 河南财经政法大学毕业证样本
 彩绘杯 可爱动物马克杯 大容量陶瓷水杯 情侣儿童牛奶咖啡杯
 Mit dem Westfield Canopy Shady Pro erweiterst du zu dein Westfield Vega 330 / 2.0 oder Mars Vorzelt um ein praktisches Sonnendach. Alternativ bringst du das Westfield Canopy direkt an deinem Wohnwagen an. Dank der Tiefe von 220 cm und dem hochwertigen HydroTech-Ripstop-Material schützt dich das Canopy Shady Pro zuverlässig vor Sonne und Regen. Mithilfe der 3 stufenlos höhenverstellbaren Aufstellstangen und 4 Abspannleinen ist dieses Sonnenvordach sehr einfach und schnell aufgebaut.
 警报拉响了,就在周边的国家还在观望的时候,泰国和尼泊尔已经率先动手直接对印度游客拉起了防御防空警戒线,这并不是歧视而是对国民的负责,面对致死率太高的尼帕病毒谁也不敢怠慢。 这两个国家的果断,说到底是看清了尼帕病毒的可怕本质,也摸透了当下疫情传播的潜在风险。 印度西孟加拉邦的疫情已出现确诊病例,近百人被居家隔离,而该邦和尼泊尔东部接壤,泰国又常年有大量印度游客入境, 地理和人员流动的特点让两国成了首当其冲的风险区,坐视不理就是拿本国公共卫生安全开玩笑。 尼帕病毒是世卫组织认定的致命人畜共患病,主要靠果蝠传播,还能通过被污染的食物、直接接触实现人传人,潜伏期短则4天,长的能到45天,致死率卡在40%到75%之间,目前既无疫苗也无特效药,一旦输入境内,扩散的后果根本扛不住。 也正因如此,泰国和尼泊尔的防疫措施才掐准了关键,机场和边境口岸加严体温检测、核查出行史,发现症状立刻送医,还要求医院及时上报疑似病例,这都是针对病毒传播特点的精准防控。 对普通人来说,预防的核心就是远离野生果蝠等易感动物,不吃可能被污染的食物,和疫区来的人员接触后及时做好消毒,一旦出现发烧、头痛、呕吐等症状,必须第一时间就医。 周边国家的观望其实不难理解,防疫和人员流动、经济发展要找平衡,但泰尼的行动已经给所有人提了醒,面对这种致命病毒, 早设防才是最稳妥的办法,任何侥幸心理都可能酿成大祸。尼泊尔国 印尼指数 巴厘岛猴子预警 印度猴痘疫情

==

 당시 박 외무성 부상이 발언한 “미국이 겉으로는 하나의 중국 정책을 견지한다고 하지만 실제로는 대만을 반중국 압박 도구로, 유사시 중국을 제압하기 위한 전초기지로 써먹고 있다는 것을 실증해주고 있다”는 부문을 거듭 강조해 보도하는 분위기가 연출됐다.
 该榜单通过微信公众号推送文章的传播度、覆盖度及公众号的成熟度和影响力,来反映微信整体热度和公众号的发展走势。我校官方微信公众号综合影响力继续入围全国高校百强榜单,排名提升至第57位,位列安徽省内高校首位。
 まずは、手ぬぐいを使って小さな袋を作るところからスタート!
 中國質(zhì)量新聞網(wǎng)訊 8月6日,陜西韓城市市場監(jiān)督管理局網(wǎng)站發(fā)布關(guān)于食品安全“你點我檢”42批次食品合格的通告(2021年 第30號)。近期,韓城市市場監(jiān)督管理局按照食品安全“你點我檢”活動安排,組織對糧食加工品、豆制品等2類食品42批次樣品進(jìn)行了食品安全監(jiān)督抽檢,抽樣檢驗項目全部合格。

▸ Required work
Working from the records above, write out verbatim only the lines from the line containing "河南财经政法大学毕业证样本" through the line containing "印尼指数 巴厘岛猴子预警 印度猴痘疫情".

▸ Answer box
 河南财经政法大学毕业证样本
 彩绘杯 可爱动物马克杯 大容量陶瓷水杯 情侣儿童牛奶咖啡杯
 Mit dem Westfield Canopy Shady Pro erweiterst du zu dein Westfield Vega 330 / 2.0 oder Mars Vorzelt um ein praktisches Sonnendach. Alternativ bringst du das Westfield Canopy direkt an deinem Wohnwagen an. Dank der Tiefe von 220 cm und dem hochwertigen HydroTech-Ripstop-Material schützt dich das Canopy Shady Pro zuverlässig vor Sonne und Regen. Mithilfe der 3 stufenlos höhenverstellbaren Aufstellstangen und 4 Abspannleinen ist dieses Sonnenvordach sehr einfach und schnell aufgebaut.
 警报拉响了,就在周边的国家还在观望的时候,泰国和尼泊尔已经率先动手直接对印度游客拉起了防御防空警戒线,这并不是歧视而是对国民的负责,面对致死率太高的尼帕病毒谁也不敢怠慢。 这两个国家的果断,说到底是看清了尼帕病毒的可怕本质,也摸透了当下疫情传播的潜在风险。 印度西孟加拉邦的疫情已出现确诊病例,近百人被居家隔离,而该邦和尼泊尔东部接壤,泰国又常年有大量印度游客入境, 地理和人员流动的特点让两国成了首当其冲的风险区,坐视不理就是拿本国公共卫生安全开玩笑。 尼帕病毒是世卫组织认定的致命人畜共患病,主要靠果蝠传播,还能通过被污染的食物、直接接触实现人传人,潜伏期短则4天,长的能到45天,致死率卡在40%到75%之间,目前既无疫苗也无特效药,一旦输入境内,扩散的后果根本扛不住。 也正因如此,泰国和尼泊尔的防疫措施才掐准了关键,机场和边境口岸加严体温检测、核查出行史,发现症状立刻送医,还要求医院及时上报疑似病例,这都是针对病毒传播特点的精准防控。 对普通人来说,预防的核心就是远离野生果蝠等易感动物,不吃可能被污染的食物,和疫区来的人员接触后及时做好消毒,一旦出现发烧、头痛、呕吐等症状,必须第一时间就医。 周边国家的观望其实不难理解,防疫和人员流动、经济发展要找平衡,但泰尼的行动已经给所有人提了醒,面对这种致命病毒, 早设防才是最稳妥的办法,任何侥幸心理都可能酿成大祸。尼泊尔国 印尼指数 巴厘岛猴子预警 印度猴痘疫情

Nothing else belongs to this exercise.